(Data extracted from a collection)
# # #

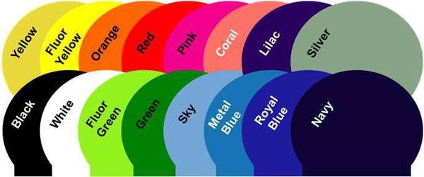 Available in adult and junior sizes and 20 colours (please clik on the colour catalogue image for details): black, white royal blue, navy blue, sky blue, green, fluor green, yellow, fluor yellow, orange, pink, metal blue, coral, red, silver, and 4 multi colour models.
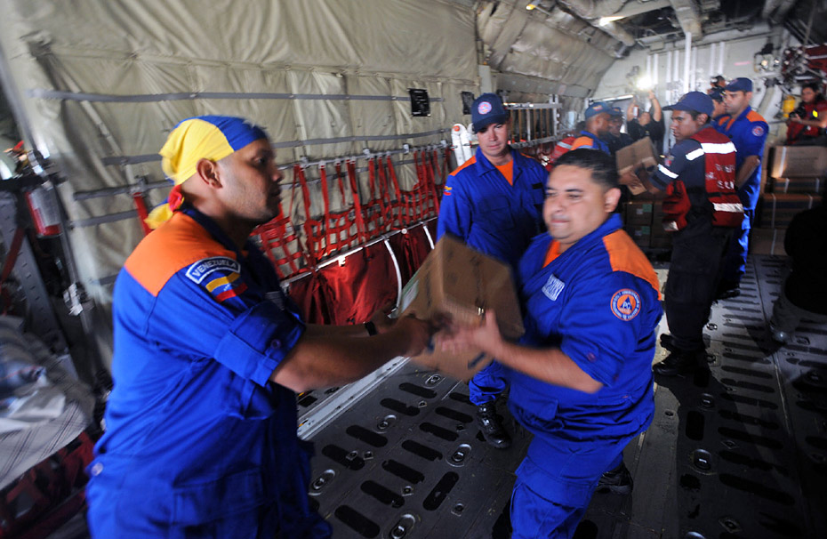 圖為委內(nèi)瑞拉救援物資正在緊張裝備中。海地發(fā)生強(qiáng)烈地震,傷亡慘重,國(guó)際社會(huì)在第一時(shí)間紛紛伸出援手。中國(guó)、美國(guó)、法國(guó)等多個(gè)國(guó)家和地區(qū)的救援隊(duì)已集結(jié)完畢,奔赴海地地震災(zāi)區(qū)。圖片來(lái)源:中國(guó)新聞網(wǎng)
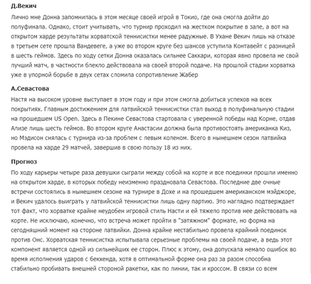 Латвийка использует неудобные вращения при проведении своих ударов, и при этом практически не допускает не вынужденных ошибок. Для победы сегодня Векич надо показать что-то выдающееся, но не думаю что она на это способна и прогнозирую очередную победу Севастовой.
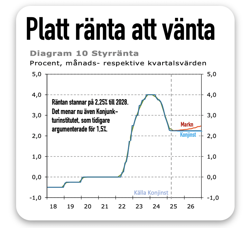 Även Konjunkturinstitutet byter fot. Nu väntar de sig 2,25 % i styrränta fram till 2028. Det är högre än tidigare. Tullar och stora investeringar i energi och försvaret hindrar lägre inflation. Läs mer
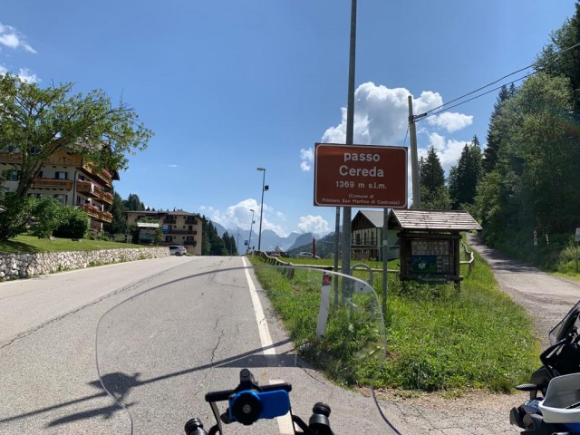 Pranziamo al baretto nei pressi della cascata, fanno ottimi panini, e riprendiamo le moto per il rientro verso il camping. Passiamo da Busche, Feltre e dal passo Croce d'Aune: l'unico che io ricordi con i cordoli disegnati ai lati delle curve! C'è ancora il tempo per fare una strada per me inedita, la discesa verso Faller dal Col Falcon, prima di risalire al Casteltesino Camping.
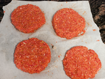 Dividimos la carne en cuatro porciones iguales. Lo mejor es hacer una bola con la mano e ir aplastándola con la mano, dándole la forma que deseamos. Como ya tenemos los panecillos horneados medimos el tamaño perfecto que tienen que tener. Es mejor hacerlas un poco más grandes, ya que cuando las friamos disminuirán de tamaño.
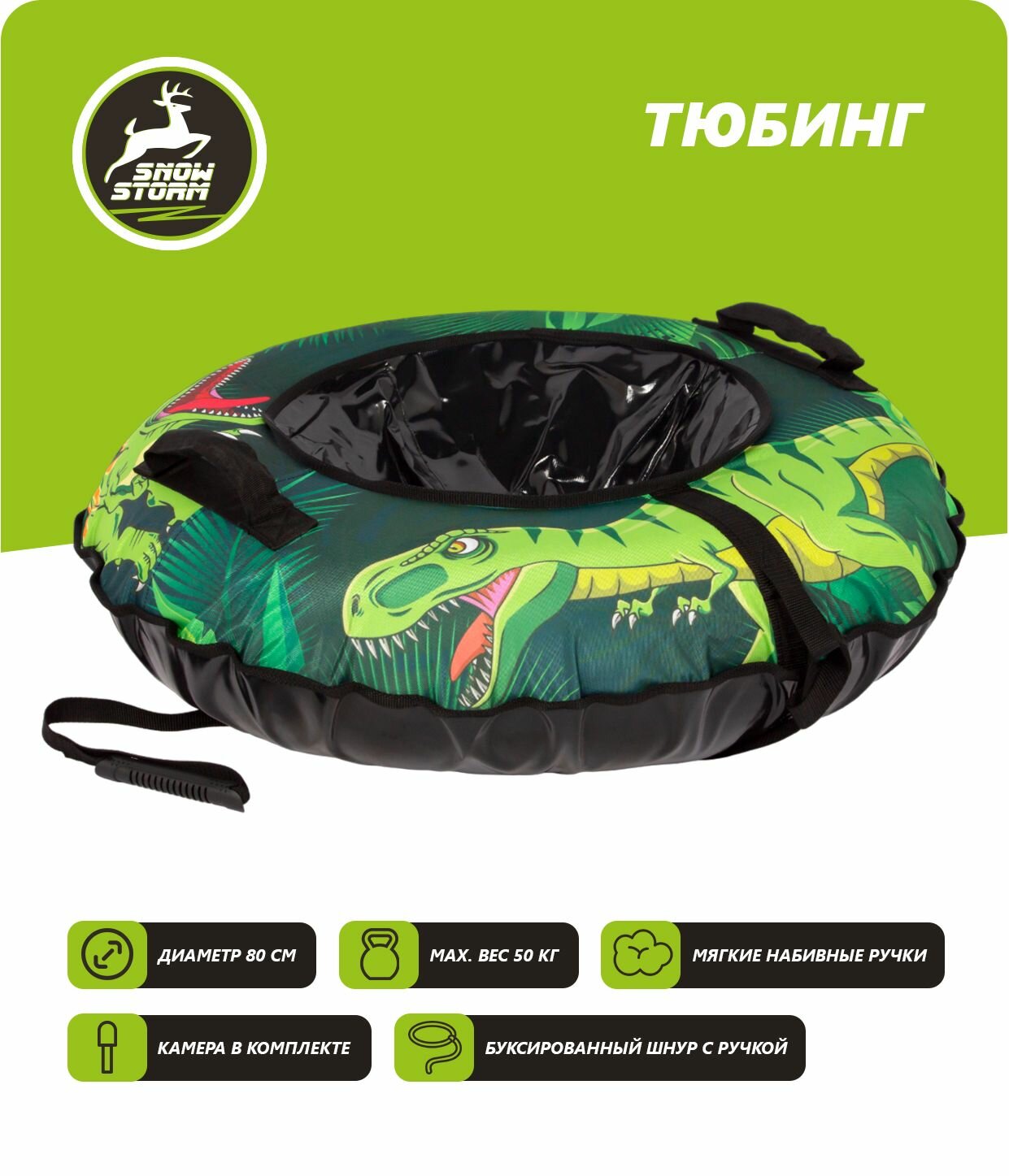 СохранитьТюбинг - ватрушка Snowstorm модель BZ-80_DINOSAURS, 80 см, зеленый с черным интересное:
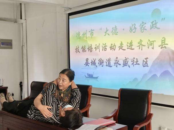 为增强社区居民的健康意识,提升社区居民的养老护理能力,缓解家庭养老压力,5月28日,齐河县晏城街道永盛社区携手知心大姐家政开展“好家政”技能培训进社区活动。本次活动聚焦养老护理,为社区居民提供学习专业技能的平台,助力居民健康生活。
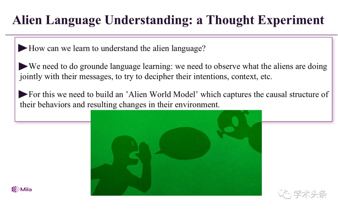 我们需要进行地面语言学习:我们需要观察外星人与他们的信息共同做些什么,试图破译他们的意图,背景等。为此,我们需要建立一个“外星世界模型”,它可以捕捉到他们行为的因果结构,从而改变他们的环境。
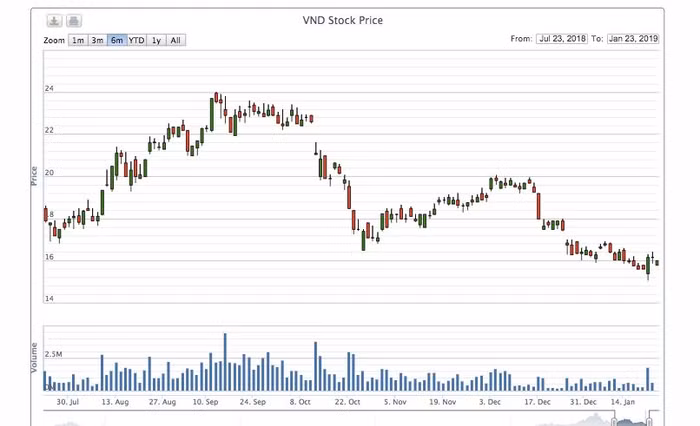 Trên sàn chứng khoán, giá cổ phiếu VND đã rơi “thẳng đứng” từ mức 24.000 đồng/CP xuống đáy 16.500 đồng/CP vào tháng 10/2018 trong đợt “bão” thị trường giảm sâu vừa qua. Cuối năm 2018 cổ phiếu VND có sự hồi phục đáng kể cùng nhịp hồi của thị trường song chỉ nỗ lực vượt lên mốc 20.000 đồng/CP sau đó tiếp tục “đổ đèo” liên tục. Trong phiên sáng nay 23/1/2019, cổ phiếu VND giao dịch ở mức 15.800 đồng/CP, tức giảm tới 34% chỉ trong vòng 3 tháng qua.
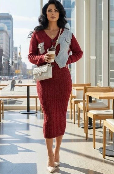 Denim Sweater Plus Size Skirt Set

# # #

== The task ==
Restate the lines above from the one containing "СохранитьТюбинг - ватрушка" through the one containing "Trên sàn chứng", inclusive, exactly and without pictures.

== Solution to this exercise ==
 СохранитьТюбинг - ватрушка Snowstorm модель BZ-80_DINOSAURS, 80 см, зеленый с черным интересное:
 为增强社区居民的健康意识,提升社区居民的养老护理能力,缓解家庭养老压力,5月28日,齐河县晏城街道永盛社区携手知心大姐家政开展“好家政”技能培训进社区活动。本次活动聚焦养老护理,为社区居民提供学习专业技能的平台,助力居民健康生活。
 我们需要进行地面语言学习:我们需要观察外星人与他们的信息共同做些什么,试图破译他们的意图,背景等。为此,我们需要建立一个“外星世界模型”,它可以捕捉到他们行为的因果结构,从而改变他们的环境。
 Trên sàn chứng khoán, giá cổ phiếu VND đã rơi “thẳng đứng” từ mức 24.000 đồng/CP xuống đáy 16.500 đồng/CP vào tháng 10/2018 trong đợt “bão” thị trường giảm sâu vừa qua. Cuối năm 2018 cổ phiếu VND có sự hồi phục đáng kể cùng nhịp hồi của thị trường song chỉ nỗ lực vượt lên mốc 20.000 đồng/CP sau đó tiếp tục “đổ đèo” liên tục. Trong phiên sáng nay 23/1/2019, cổ phiếu VND giao dịch ở mức 15.800 đồng/CP, tức giảm tới 34% chỉ trong vòng 3 tháng qua.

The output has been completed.